Each line of the material must be repeated precisely, with the pictures left out.
++++ Raw data ++++
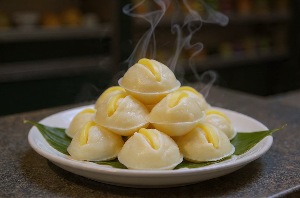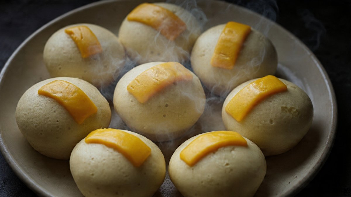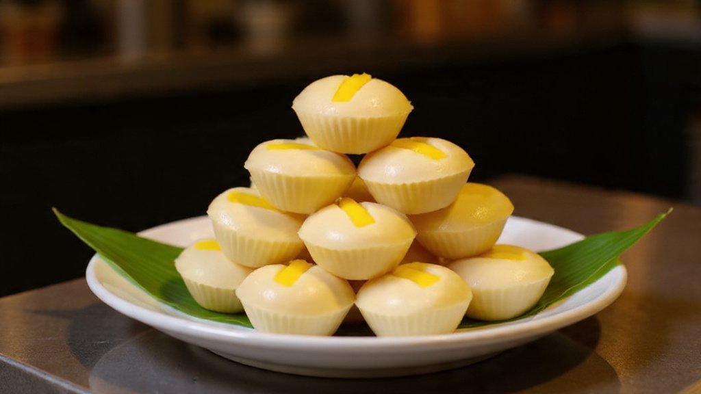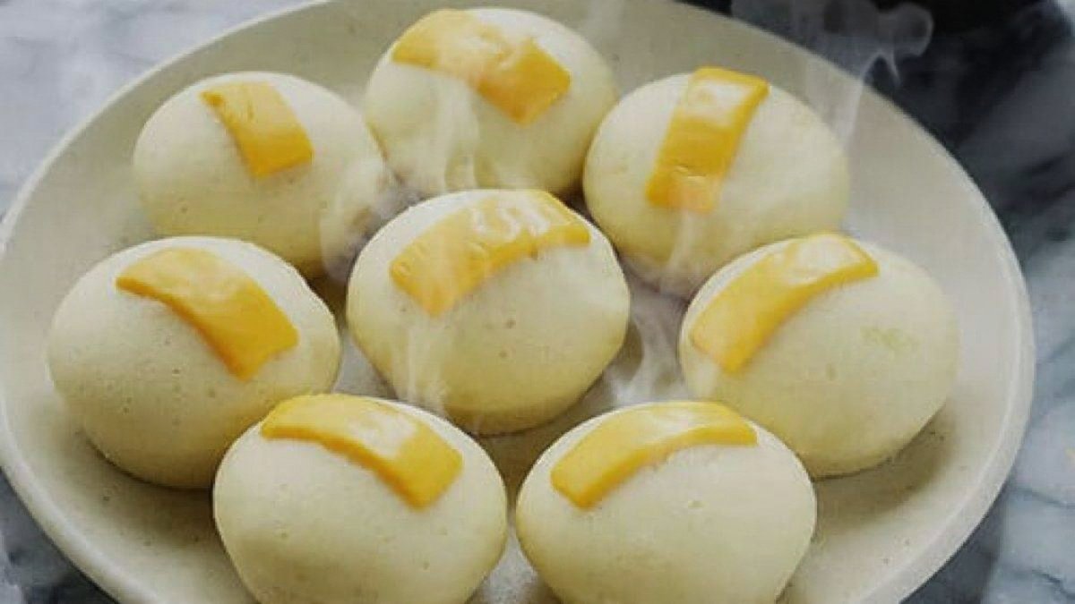Each piece is light and fluffy, crafted to perfection. The addition of a cheese slice on top adds a savory touch, balancing the subtle sweetness of the cake for a unique and harmonious flavor.
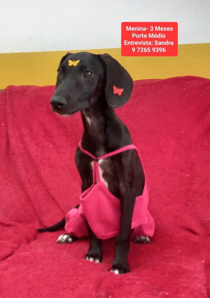 Maria Julia é uma adorável cachorrinha SRD (vira-lata) com pelagem preta! Ela tem 3 meses, é de porte médio e é a companhia perfeita para qualquer lar. Com um temperamento dócil e calmo, Maju é brincalhona, sociável e cheia de amor para dar. Ela adora estar perto de pessoas, crianças e até mesmo de outros animais, incluindo gatos e cães.
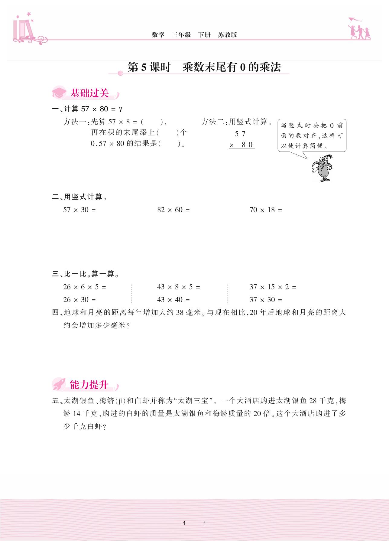 2021下册三年级数学苏教版 一 两位数乘两位数——第5课时 乘数末尾有0的乘法
++++
Result:
Each piece is light and fluffy, crafted to perfection. The addition of a cheese slice on top adds a savory touch, balancing the subtle sweetness of the cake for a unique and harmonious flavor.
 Maria Julia é uma adorável cachorrinha SRD (vira-lata) com pelagem preta! Ela tem 3 meses, é de porte médio e é a companhia perfeita para qualquer lar. Com um temperamento dócil e calmo, Maju é brincalhona, sociável e cheia de amor para dar. Ela adora estar perto de pessoas, crianças e até mesmo de outros animais, incluindo gatos e cães.
 2021下册三年级数学苏教版 一 两位数乘两位数——第5课时 乘数末尾有0的乘法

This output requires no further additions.